Взяла телефон и в мессенджер Вергилеву начала набивать. Что видим, то поем? Ну ладно, Костя! Твои правила...
Что первое в голову приходило, то и писала:
«На встающее солнце повернуть человека и самому встать лицом, чтобы свет почувствовать. Сильное настоящее желание помочь не себе, а другому породить. Положить свою левую руку ему на пупок. От сердца сказать: “Расти семечко ясное у тебя внутри, как и у всех живых. Лижи солнце тебе глаза, лижи язык, лижи живот. Пусть дышат. Иди, беги, лети, делай, что захочешь, — да сам на месте оставайся, не теряйся.
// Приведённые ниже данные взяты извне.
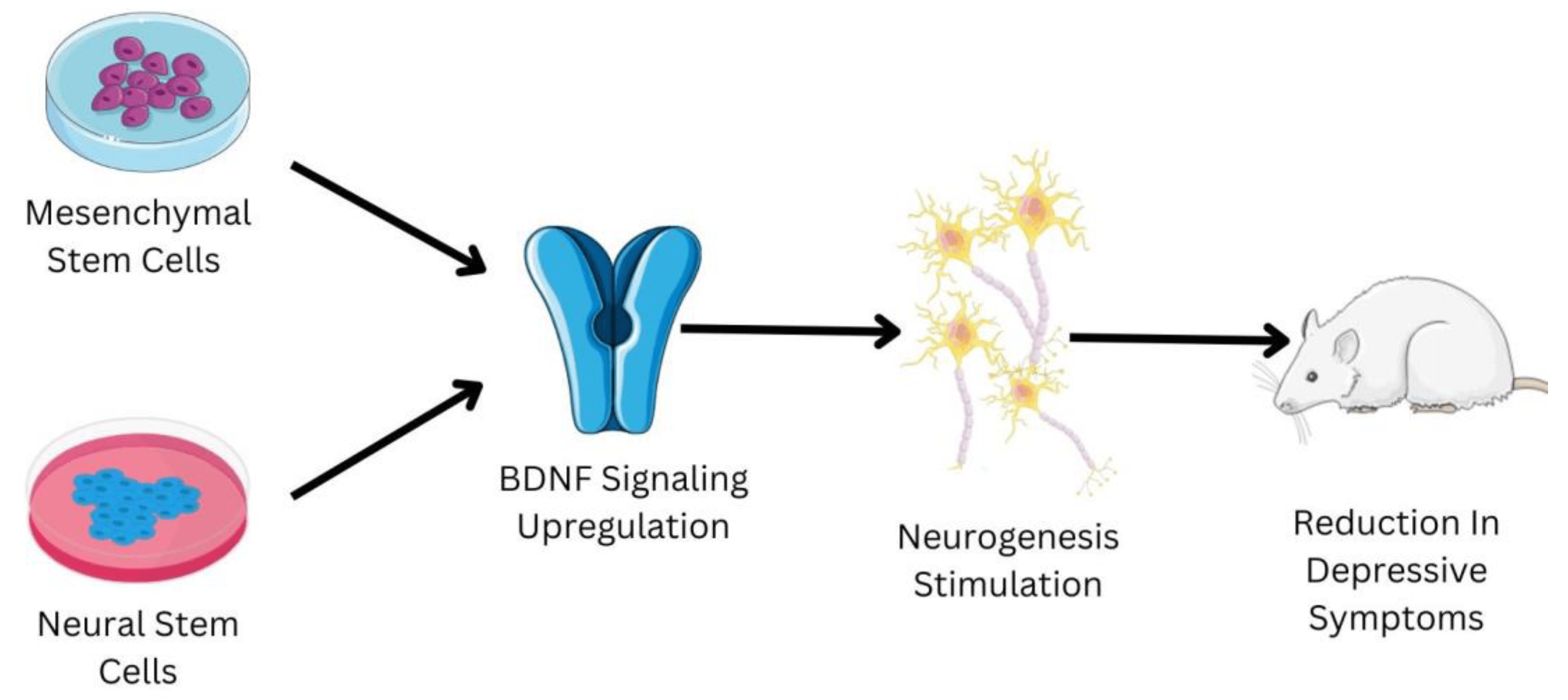 由于施用MSCs和NSCs,已經觀察到小鼠動物模型中抑郁癥狀的減輕。MSCs和NSCs具有上調BDNF信號通路的能力,而BDNF信號通路通常在患有抑郁癥的患者中被下調。BDNF信號通路的上調有助于刺激神經發生。神經發生是導致抑郁癥發展的主要生物學因素之一。神經發生的增加有助于緩解與抑郁癥相關的癥狀。
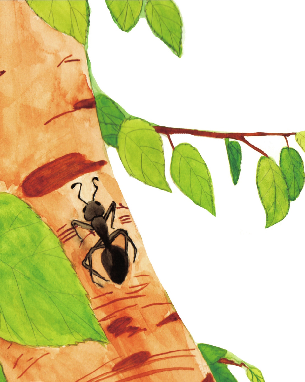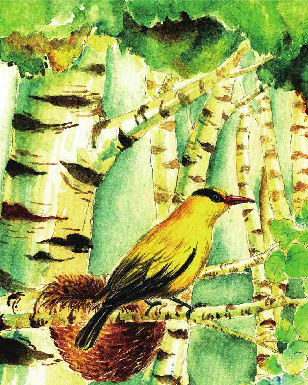 “我就是黄鹂呀,”金黄色的鸟儿回答说,“我的房子就在这儿,喏,在那棵漂亮的白桦树上。”
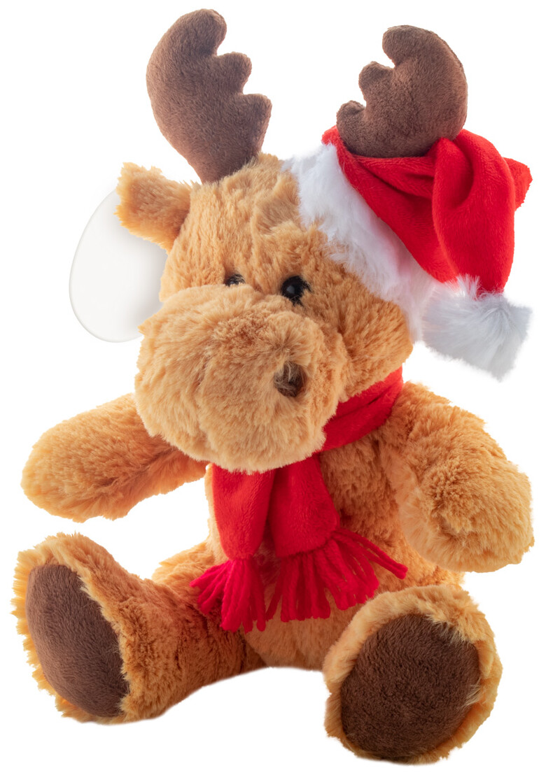 Plyšový vánoční sob s santa čepicí a šátkem. S potisknutelnou visačkou na uchu.
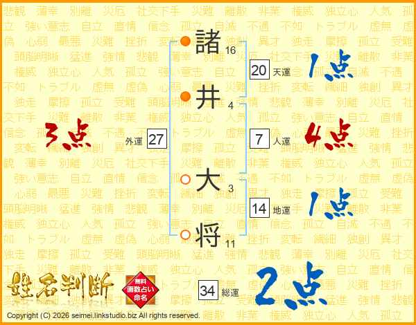 諸井大将さんの総運は34画の2点!
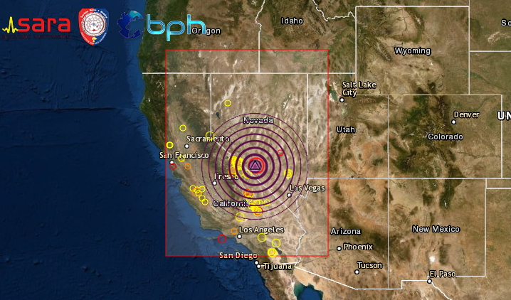 L’epicentro e’ stato localizzato in una zona desertica, 60km a W della località di Tonopah, non dovrebbero esserci danni
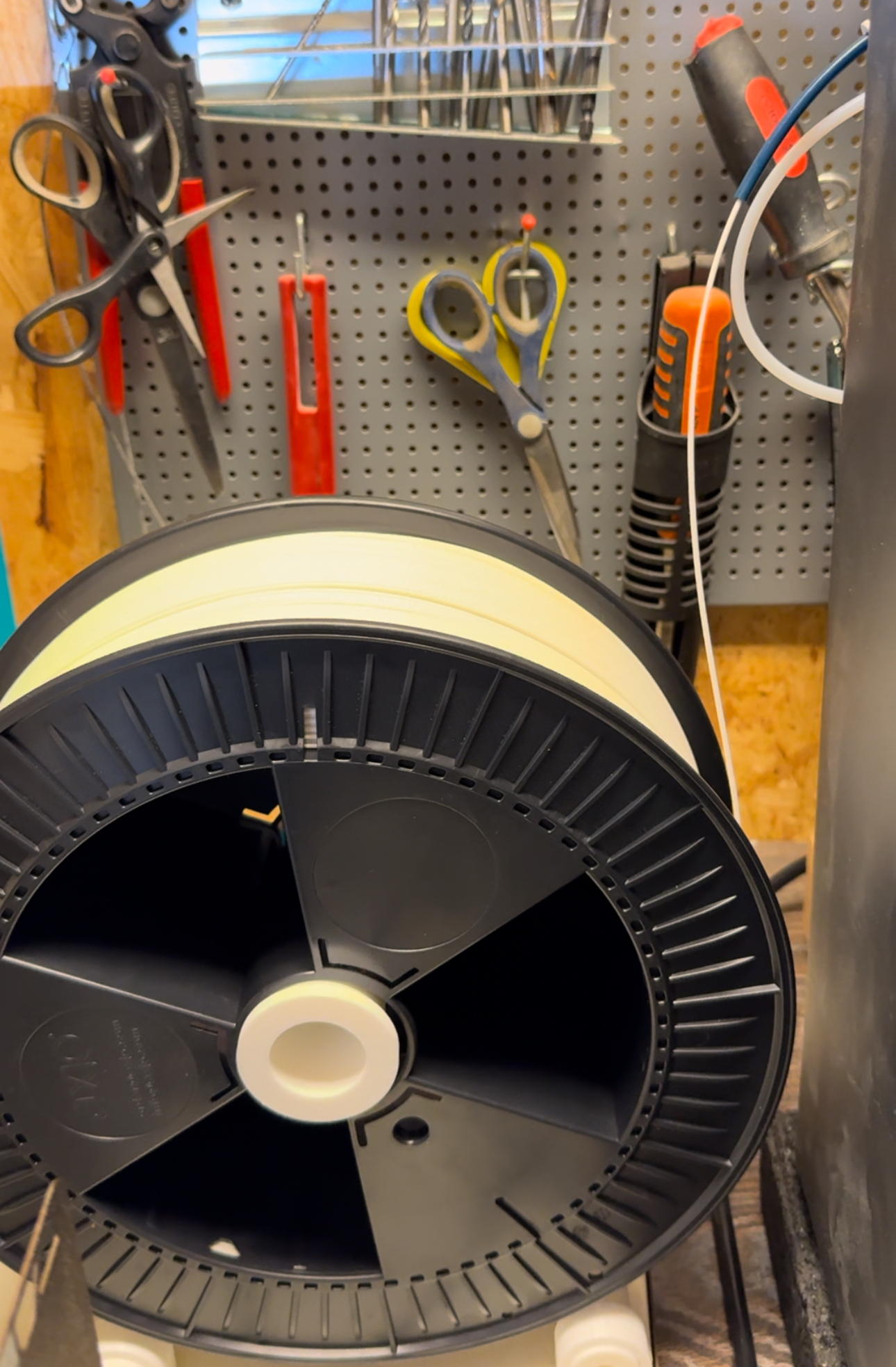 Mua cuộn PLA 2,3kg về xài mà cuộn này bự quá trời! Tui mới vẽ cái giá đỡ này trong Fusion để đựng nó. File Fusion có sẵn, anh em cứ tải về chỉnh sửa theo ý muốn nha.
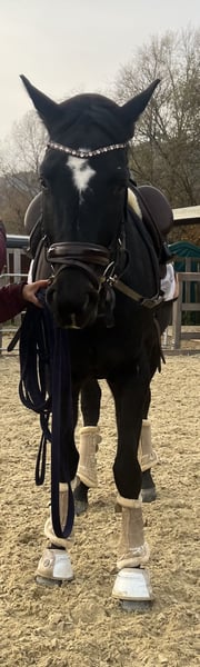 Willi is already familiar with rider weight and walks calmly on a lunge line. He is very gentle in handling, enjoys cuddling with our children, and is fearless and calm for his age.

Сияй тебе изнутри свет без имени и пути и никогда не гасни.
Пусти, отпусти, все препятствия пропусти!”
Подуть на макушку и повторить три раза».
— Господи, прости меня, — выдохнула СИ и нажала «Отправить». — Пожалуйста!
Саёнара
Одна девочка подросткового возраста так любила иронизировать над своими родителями... Высмеивала их и всегда отпускала саркастические замечания. Вот прямо любые мелкие промахи и недостатки вышучивала.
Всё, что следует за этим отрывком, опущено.